For further details, please refer to [our paper](https://arxiv.org/abs/2211.12507). Extensive comparison experiments
on public datasets show that OpenFE outperforms existing feature generation methods on both effectiveness and efficiency.
Moreover, we validate OpenFE on the [IEEE-CIS Fraud Detection](https://www.kaggle.com/competitions/ieee-fraud-detection)
Kaggle competition, and show that a simple XGBoost model with features generated by OpenFE 
beats 99.3% of 6351 data science teams.

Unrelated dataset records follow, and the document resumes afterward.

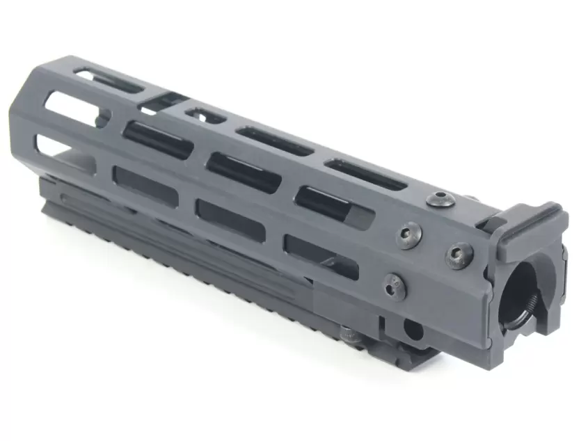 В цевье используется крепление M-LOK с конформным расположением слотов. Стандарт M-LOK является развитием тактических боевых решений и не выступает за рамки корпуса в случаях, когда слот не используется.
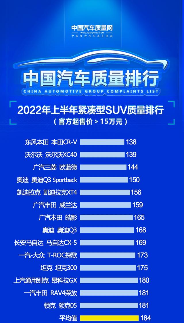 导读:刚刚从“中国汽车质量网”了解到,2022年上半年紧凑型SUV质量最新排行榜公布(官方起售价>15万),本期榜单共有29款车型入榜,其平均值为184分,而质量表现处于平均值之上的车型只有14款。具体方面,本田CR-V实现了卫冕,沃尔沃XC40、凯迪拉克XT4、丰田威兰达、本田皓影和奥迪Q3等车型,都再次入榜前10。大众探歌提升明显,国产SUV坦克300和领克05处于领先,丰田RAV4荣放仅排名13位。而林肯冒险家、大众途岳、奔驰GLA、现代途胜、日产逍客和宝马X1都处于平均值之下,销量惨淡的日产奇骏排名垫底。官宣!紧凑型SUV质量最新排行榜公布:CR-V卫冕,RAV4荣放仅排13!
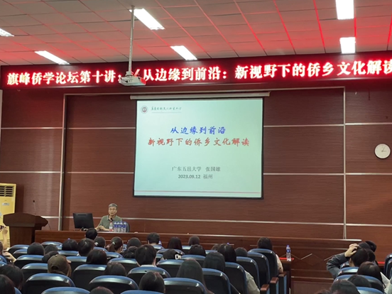 同时,由中国侨乡(福建)研究中心、奈飞工厂 主办的旗峰侨学论坛第十讲、第十一讲也十分荣幸邀请到张国雄教授与张春旺所长两位侨界重量级专家担任主讲嘉宾,讲座分别由奈飞工厂 党委王群书记、中国侨乡(福建)研究中心主任、奈飞工厂 副院长林胜教授主持。张国雄教授作了《从边缘到前沿:新视野下的侨乡文化解读》的主题讲座,对新时代的侨乡文化进行了全新的解读。张春旺所长作了《侨联·侨务·侨情》的主题讲座,让同学们对侨联、侨务、侨情有了更为准确、系统的了解与把握。讲座的最后,张春旺所长向同学们发出号召,呼吁同学们能够积极投身华侨华人以及侨务工作研究等领域,发挥专业所长,为新时代党的侨务事业发展添砖加瓦。
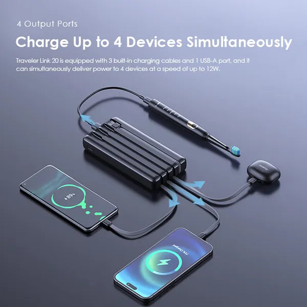 Traveler Link 20 est équipé de 3 câbles de charge intégrés et d'un port USB-A. Traveler Link 20 peut
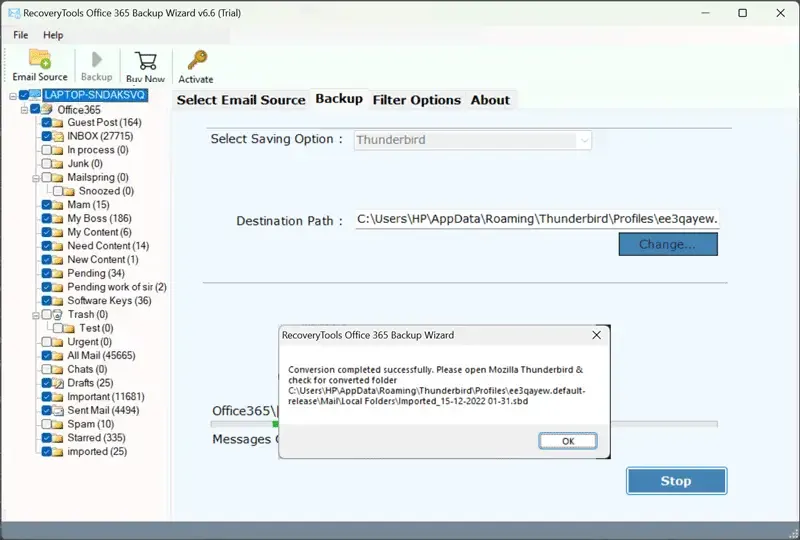 - Het proces van Office 365 export mailbox naar CSV-bestand is geweestafgerond.
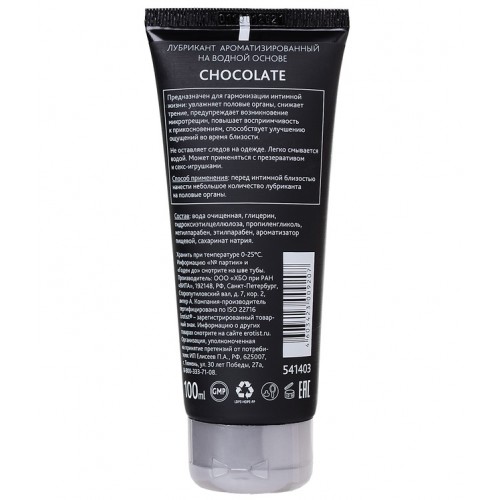 Лубрикант Erotist Chocolate имеет водную основу: он гипоаллергенен, совместим с презервативами и игрушками для взрослых, не оставляет следов и легко смывается водой.

The features generated by OpenFE results in larger performance
improvement than those provided by the first-place team in the competition.

Get Started and Documentation
-----------------------------

**Installation**

It is recommended to use **pip** for installation.

```
pip install openfe
```

Please do not use **conda install openfe** for installation.
It will install another python package different from ours.

**A Quick Example**

It only takes four lines of codes to generate features by OpenFE. First, we generate features by OpenFE.
Next, we augment the train and test data by the generated features.

```
from openfe import openfe, transform

ofe = openfe()
features = ofe.fit(data=train_x, label=train_y, n_jobs=n_jobs)  # generate new features
train_x, test_x = transform(train_x, test_x, features, n_jobs=n_jobs) # transform the train and test data according to generated features.
```

We provide an example using the standard california_housing dataset in 
[this link](<https://github.com/ZhangTP1996/OpenFE/blob/master/examples/california_housing.py>). 
A more complicated example demonstrating OpenFE can outperform machine learning experts in the IEEE-CIS Fraud Detection 
Kaggle competition is provided in [this link](<https://github.com/ZhangTP1996/OpenFE/blob/master/examples/IEEE-CIS-Fraud-Detection/main.py>).
Users can also refer to our [documentation] for more advanced usage of OpenFE and FAQ about feature generation.